Although the association between COL1A1 rs2075555 polymorphism and high myopia has been reported many times in several geographic locations, the results generally were conflicting rather than consistent[18],[20],[27][29]. Different genetic backgrounds, sources of controls, and study designs may be responsible for these inconsistencies among different studies. An individual study with a small sample size may be underpowered to evaluate the relationship between gene mutation and high myopia, but pooling all eligible data by Meta-analysis can possibly provide more powerful and credible evidence. The current Meta-analysis evaluating the possible effect of the COL1A1 rs2075555 polymorphism on high myopia susceptibility was based on a substantial amount of data from 5 individual case-control studies that included a total of 1942 high myopia cases and 2929 controls. Unfortunately, no valid association between COL1A1 rs2075555 polymorphism and high myopia was detected according to the pooled ORs in the different genetic contrast models. Population stratification is a factor that can lead to false evidence about the association between gene markers and high myopia. Previous studies have demonstrated that the prevalence of myopia varies according to ethnicity[39] and is much higher in the Asian population[40][41], especially in China[42]. Because of this, stratified analysis by ethnicity was performed but did not reveal a significant relation between the COL1A1 rs2075555 polymorphism and high myopia in either the Asian or European populations. The results of this study suggest that ethnicity is not a factor that influences the relationship between COL1A1 rs2075555 polymorphism and high myopia susceptibility.

A previous Meta-analysis performed by Nakanishi et al[21] showed a limited significance between COL1A1 rs2075555 polymorphism and high myopia susceptibility (OR=1.19; 95%CI 1.03-1.38, P<0.05) which is a result that is inconsistent with our findings.

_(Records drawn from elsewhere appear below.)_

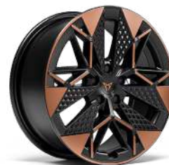
"VANDAL" R19 • Machined/Copper/Black (Raval Plus / Endurance / VZ)
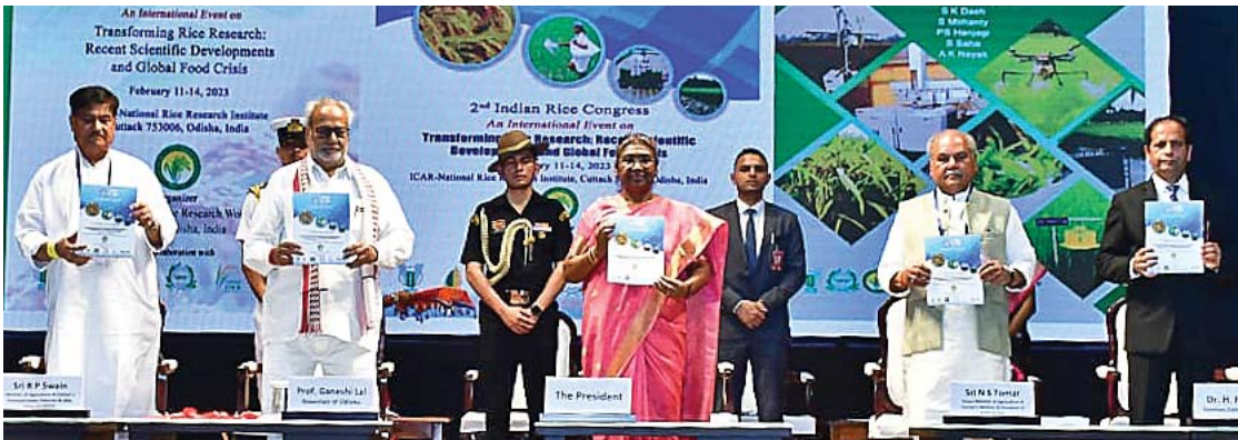
କଟକ ଜିଲ୍ଲା ବିଦ୍ୟାଳୟରୁ ଉଦ୍ଘାଟନା କରାଯାଇଥିବା କର୍ମକ୍ରମରେ ରାଷ୍ଟ୍ରପତି କ୍ରିପାପା ମୁର୍ମୁ ଓ ଅନ୍ୟ ଅତିଥିମାନେ ସ୍ମରଣାଂଶୁ ଉଦ୍ଘାଟନା କରୁଛନ୍ତି ।
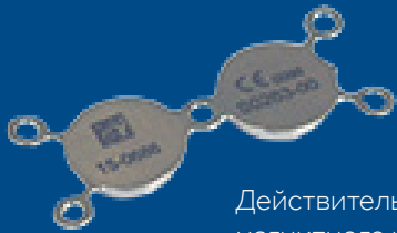
Действительный размер магнитного импланта
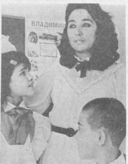
Ўқитувчи — им-фан анёкори, табаррук инсон.

Бугунги кунда Тошкент аgraт жихозланган қонақхонада 50 нафар соғломлаштириш группаси аъзолари шугулланишди.
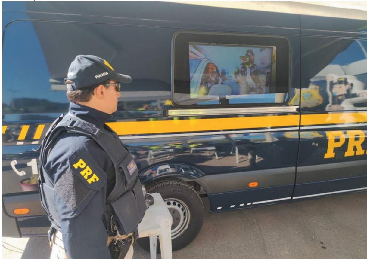
A campanha quer que todos trabalhem juntos para tornar o trânsito mais seguro
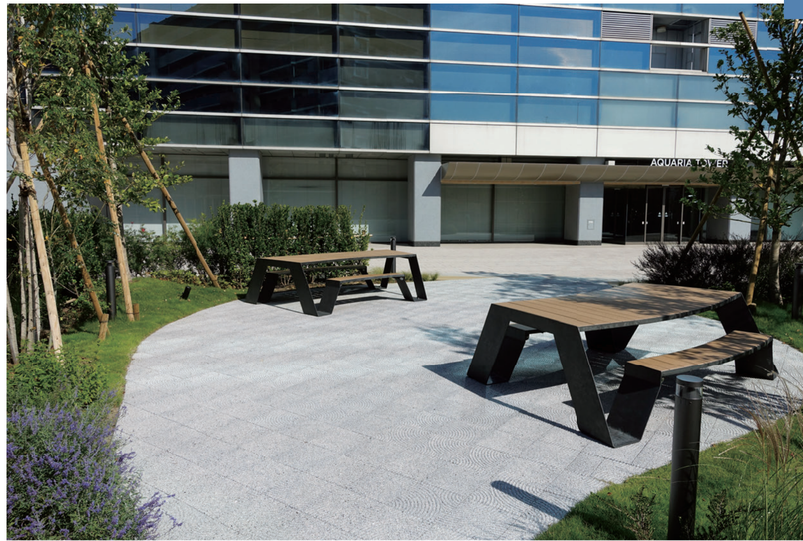
オフィスタワー (神奈川県横浜市)
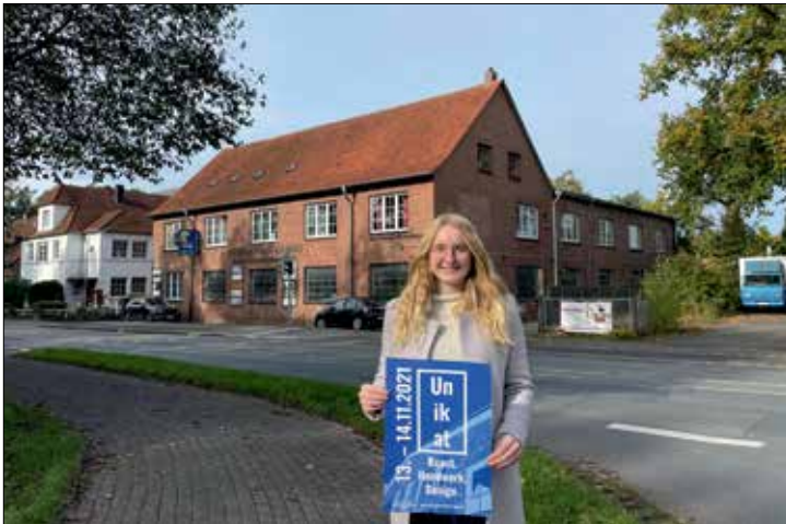
Die beliebte Veranstaltung in der Alten Lederfabrik lädt am 13. und 14. November zum Entdecken und Verweilen ein

Am 13. und 14. November können sich Liebhaber von Kunst, Handwerk und Design wieder auf die UNIKAT in der Alten Lederfabrik freuen. Neben den Gastaussteller*innen öffnen die Kunstschaffenden ihre Ateliers und Werkstätten in dem alten Fabrikgebäude. Es wird eine Vielfalt aus u.a. Holz, Keramik, Glas, Filz
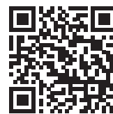
掃描二維碼查閱「2026香港綠色周」詳情
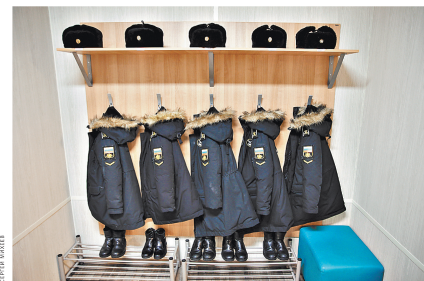
Формально каждый нахимовец — гражданский человек. Военным он может стать после того, как выпустится из училища. Но по духу и настрою эти ребята — будущее флота России.
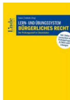
Lern- und Übungssystem Bürgerliches Recht Ladenpreis: 50,00EUR
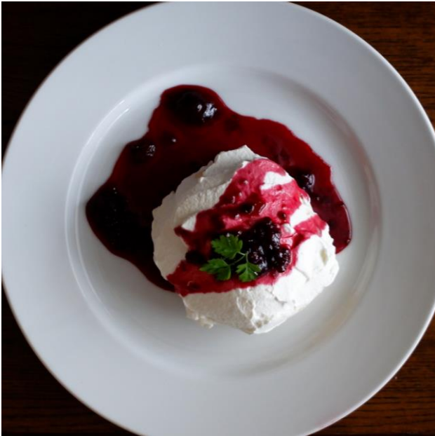
メレンゲのケーキ ～ベリーソース～

焼いたメレンゲの上にたっぷりのクリームとフルーツをのせたデコレーションが目目を引く、ニュージーランドの定番ケーキ。メレンゲの外側はサクツとして中はマシュマロのように口の中でシュワッと溶ける、他のケーキにはない食感です。
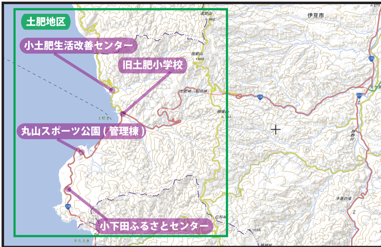
土肥地区 指定緊急避難場所位置図 国土地理院電子国土ポータル引用

However, in their Meta-analysis, Nakanishi et al[21] combined data of their own with data from a previously published Japanese study that was the first reported positive association. As we know, the reported ORs in the first positive studies are usually higher than ORs reported in subsequent replication studies[43], so there was a possible correlation between COL1A1 rs2075555 polymorphism and high myopia susceptibility[19]. In addition, it is possible that publication bias affected the results in the first positive study, and the actual OR of the SNP was overestimated in their analysis, which included only 2 studies. Lastly, both of the studies included in their Meta-analysis were conducted in Japanese patients, and the sample size was too small to provide a powerful and precise estimate for COL1A1 rs2075555 polymorphism and high myopia risk. In contrast, our current Meta-analysis combined all the eligible published studies we could identify and used enhanced statistical methods to provide more reliable evidence that COL1A1 rs2075555 polymorphism does not contribute to high myopia susceptibility, even when different ethnicities are taken into consideration.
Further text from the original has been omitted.